Not tonight no but I have had to reboot about 3 times so far specifically because of this problem.


----------



## stixe (Nov 13, 2002)

It happend to me a couple of weeks ago accused the kids of fiddling with the amp before reboot. I have had to reboot mine 3 times in the month and half I've had it keep getting message saying channel line up not found but if I delete it it goes away for a few days.

I am loathed to do anything about it as otherwise the box is proving excellent not one missed recording the suggestions are getting better.


----------



## Johnny_boy (Nov 19, 2000)

I'm getting popping noises from mine, I've had to turn on Dolby to PCM in the settings as it's really annoying every time I'm on an HD channel and press guide or change channel I get a loud squeal or speaker pop. I've had it less than 24 hours but this is apparently a known bug according to customer services. I've rebooted a couple of times but to no avail.
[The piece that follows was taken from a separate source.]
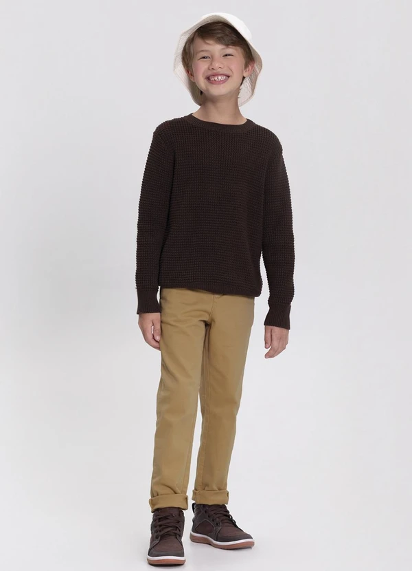 Alakazoo - Blusão de Tricô Menino com Gola Redonda Marrom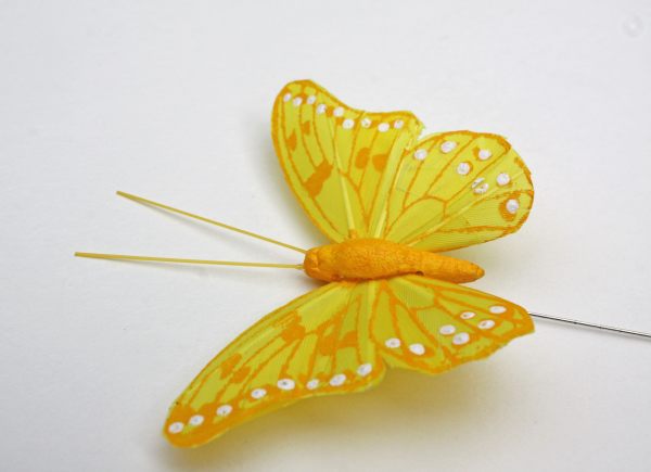 Deze luxe vlinder is van veren gemaakt. De vlinder is circa 9 cm breed en 6 cm lang. De ijzeren pin waarmee u de vlinder ergens in kunt steken is ongeveer 10 cm lang.

This happens over HDMI as well through the telly.


----------



## OzSat (Feb 15, 2001)

Johnny_boy said:


> I'm getting popping noises from mine, I've had to turn on Dolby to PCM in the settings as it's really annoying every time I'm on an HD channel and press guide or change channel I get a loud squeal or speaker pop. I've had it less than 24 hours but this is apparently a known bug according to customer services. I've rebooted a couple of times but to no avail.
> 
> This happens over HDMI as well through the telly.


I've never had such a problem via optical in DD mode.


----------



## Mimizuku no Lew (Jan 3, 2011)

I think it's caused by the audio switching from DD to PCM when you change to an SD channel. Some Sky viewers reported a similar problem during the last NFL season when the broadcast on Sky Sports HD went to commmercial and switched from DD to PCM. It only affected some TVs and receivers though.


----------



## Johnny_boy (Nov 19, 2000)

Well this is bizarre! I reconnected the sky+ hd back up and had a fiddle with the telly settings and turned off Simplink on my LG telly (i saw a link elsewhere about this caising issues with no signal on video) and now I'm getting perfect Dolby and no popping. I'd switched inputs on the amp to get the Sky working but nothing else and this was only happening on the TiVo on Dolby mode but over HDMI as well so it was originating in the TiVo rather than the amp. Not sure exactly what I did but it's now working. I'll keep the engineer appointment on Monday and see how it goes between now and then.

Simplink on or off is making no difference. Wondering if some kind of audio loop was stopping the Dolby circuit kicking in....


----------